Viele Menschen mit Beeinträchtigung, aber hohem Bildungsgrad, finden in Deutschland keinen Job – und das trotz hohen Fachkräftemangels.
Der Behindertenbeauftragte der Bundesregierung, Jürgen Dusel, hat kritisiert, dass Tausende von Akademikern mit Beeinträchtigungen keine Arbeit bekommen. "Das hat mit Vorurteilen zu tun", sagte er im Interview der Deutschen Presse-Agentur. "Wir haben Tausende von Akademikern mit Behinderungen, die keinen Job kriegen in Deutschland." Das könne das Land sich überhaupt nicht mehr leisten.
Menschen mit Beeinträchtigungen sind häufig benachteiligt
"Es gibt keinen Job in Deutschland, ich wüsste wirklich keinen, der nicht durch einen Menschen mit einer schweren Behinderung gut besetzt werden kann, wenn die Voraussetzungen stimmen", sagte Dusel.
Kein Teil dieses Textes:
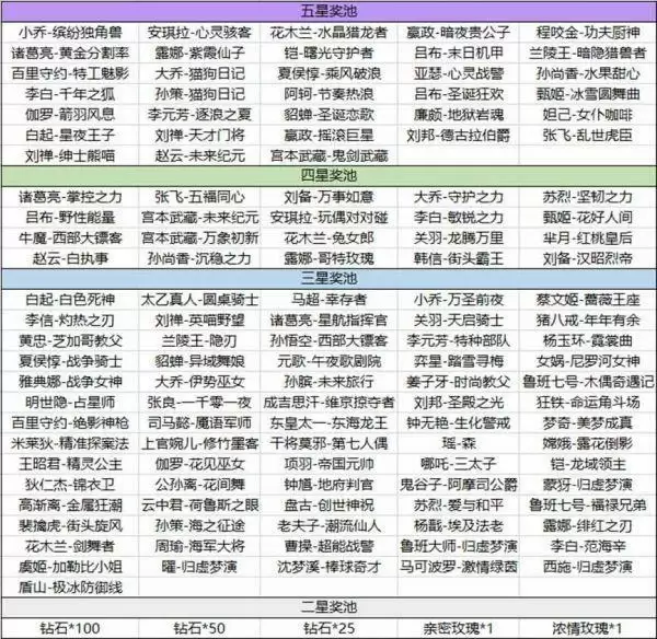 皮肤池保底奖励:当刷新次数达到20次时,下次刷新必出四星奖池及以上奖励;当刷新次数达到80次时,下次刷新必出五星奖池奖励(刷新时不会刷新到已经拥有的皮肤)。
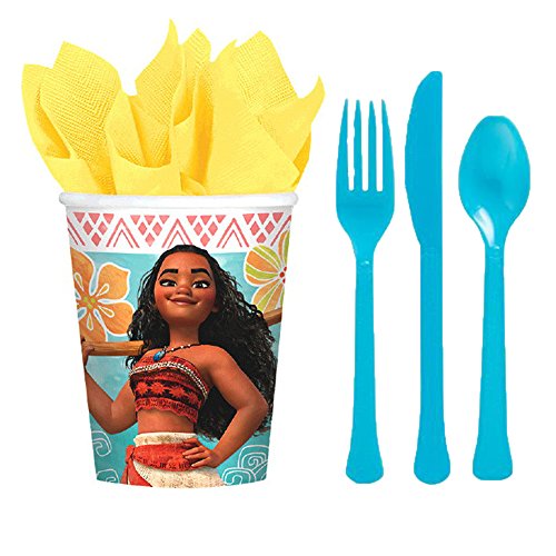-. Feature : Our Special Disney Moana Deluxe MEGA Party Pack includes: / (16) 7" Plates, (16) 9oz Cups, (16) 2-ply Napkins, (16) Forks, Knives, Spoons / (1) 54 x 96 Table Cover, (1) Candle / (1) Pack of Swirl Decorations (6 total swirls), (1) Flower Garland / and a special thank you card!

Laut ihm sind Menschen mit schweren Behinderungen häufiger arbeitslos und auch deutlich länger als Menschen ohne Behinderung.
Diese Schieflage führe auch zu einer ökonomischen Ungleichheit: Dem dritten Teilhabebericht der Bundesregierung über die Lebenslagen von Menschen mit Beeinträchtigungen zufolge kann ein großer Teil der Menschen mit Beeinträchtigung (43 Prozent) kein Geld sparen oder zurücklegen. Bei Menschen ohne Beeinträchtigungen seien es hingegen nur 28 Prozent. Außerdem unterscheide sich das Nettovermögen von Menschen mit Beeinträchtigungen (im Durchschnitt 91.150 Euro) zu dem von Menschen ohne Beeinträchtigungen (im Durchschnitt 118.063 Euro).
"Sicherlich ist es so, dass Familien, in denen behinderte Kinder leben – und das sind dann oftmals alleinerziehende Mütter – ein höheres Armutsrisiko haben", ergänzte Dusel.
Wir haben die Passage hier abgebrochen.